[Description of the task]
Copy nothing but the lines below running from the line containing "Wenn die Kugeln" through the line containing "深紫色的臥室在水晶燈的照應(yīng)下十分夢幻,整體效果奢華時尚。", both end lines included.

[Data excerpts]

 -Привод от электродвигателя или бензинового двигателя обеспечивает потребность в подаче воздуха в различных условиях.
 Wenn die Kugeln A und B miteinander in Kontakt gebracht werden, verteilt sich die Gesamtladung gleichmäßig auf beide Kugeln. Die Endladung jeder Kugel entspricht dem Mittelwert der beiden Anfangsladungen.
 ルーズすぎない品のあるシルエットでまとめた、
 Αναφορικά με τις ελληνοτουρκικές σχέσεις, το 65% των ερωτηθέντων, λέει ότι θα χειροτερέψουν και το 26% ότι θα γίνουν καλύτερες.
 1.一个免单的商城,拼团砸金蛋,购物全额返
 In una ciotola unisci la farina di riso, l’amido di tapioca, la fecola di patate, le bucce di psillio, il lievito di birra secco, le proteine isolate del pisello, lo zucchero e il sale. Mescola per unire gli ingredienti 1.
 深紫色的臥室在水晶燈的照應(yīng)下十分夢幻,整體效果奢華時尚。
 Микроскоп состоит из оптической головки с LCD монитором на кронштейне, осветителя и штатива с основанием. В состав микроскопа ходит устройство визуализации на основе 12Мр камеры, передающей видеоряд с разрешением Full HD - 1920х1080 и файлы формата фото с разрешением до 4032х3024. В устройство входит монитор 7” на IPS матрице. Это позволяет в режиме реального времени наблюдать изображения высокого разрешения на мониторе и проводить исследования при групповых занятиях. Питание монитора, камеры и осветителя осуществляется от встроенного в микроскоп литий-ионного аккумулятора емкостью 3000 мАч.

...

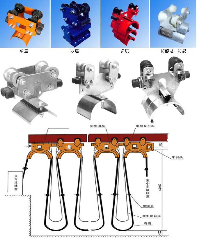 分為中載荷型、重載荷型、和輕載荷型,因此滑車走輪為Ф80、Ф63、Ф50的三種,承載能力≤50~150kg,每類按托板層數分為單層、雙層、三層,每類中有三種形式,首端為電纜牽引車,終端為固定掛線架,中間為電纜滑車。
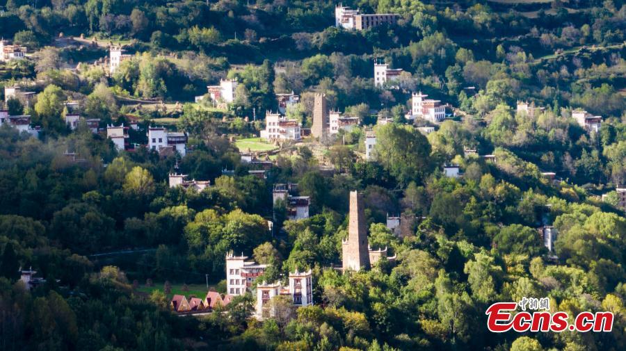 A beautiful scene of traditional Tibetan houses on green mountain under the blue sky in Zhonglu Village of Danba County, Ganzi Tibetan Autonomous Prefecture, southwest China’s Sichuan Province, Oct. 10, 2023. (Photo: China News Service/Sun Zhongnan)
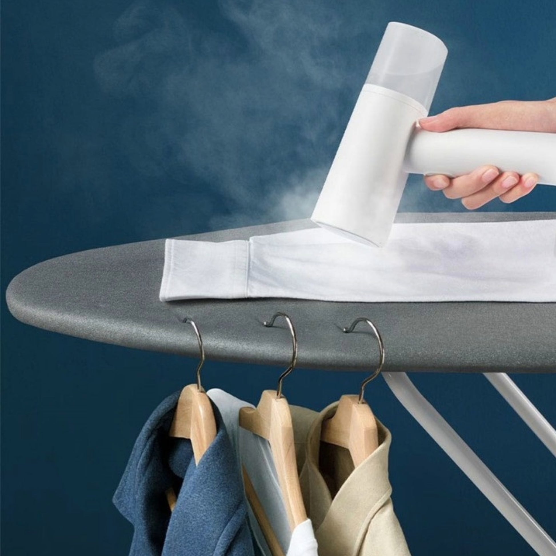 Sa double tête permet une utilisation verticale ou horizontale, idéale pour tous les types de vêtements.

[Reply to the task]
 Wenn die Kugeln A und B miteinander in Kontakt gebracht werden, verteilt sich die Gesamtladung gleichmäßig auf beide Kugeln. Die Endladung jeder Kugel entspricht dem Mittelwert der beiden Anfangsladungen.
 ルーズすぎない品のあるシルエットでまとめた、
 Αναφορικά με τις ελληνοτουρκικές σχέσεις, το 65% των ερωτηθέντων, λέει ότι θα χειροτερέψουν και το 26% ότι θα γίνουν καλύτερες.
 1.一个免单的商城,拼团砸金蛋,购物全额返
 In una ciotola unisci la farina di riso, l’amido di tapioca, la fecola di patate, le bucce di psillio, il lievito di birra secco, le proteine isolate del pisello, lo zucchero e il sale. Mescola per unire gli ingredienti 1.
 深紫色的臥室在水晶燈的照應(yīng)下十分夢幻,整體效果奢華時尚。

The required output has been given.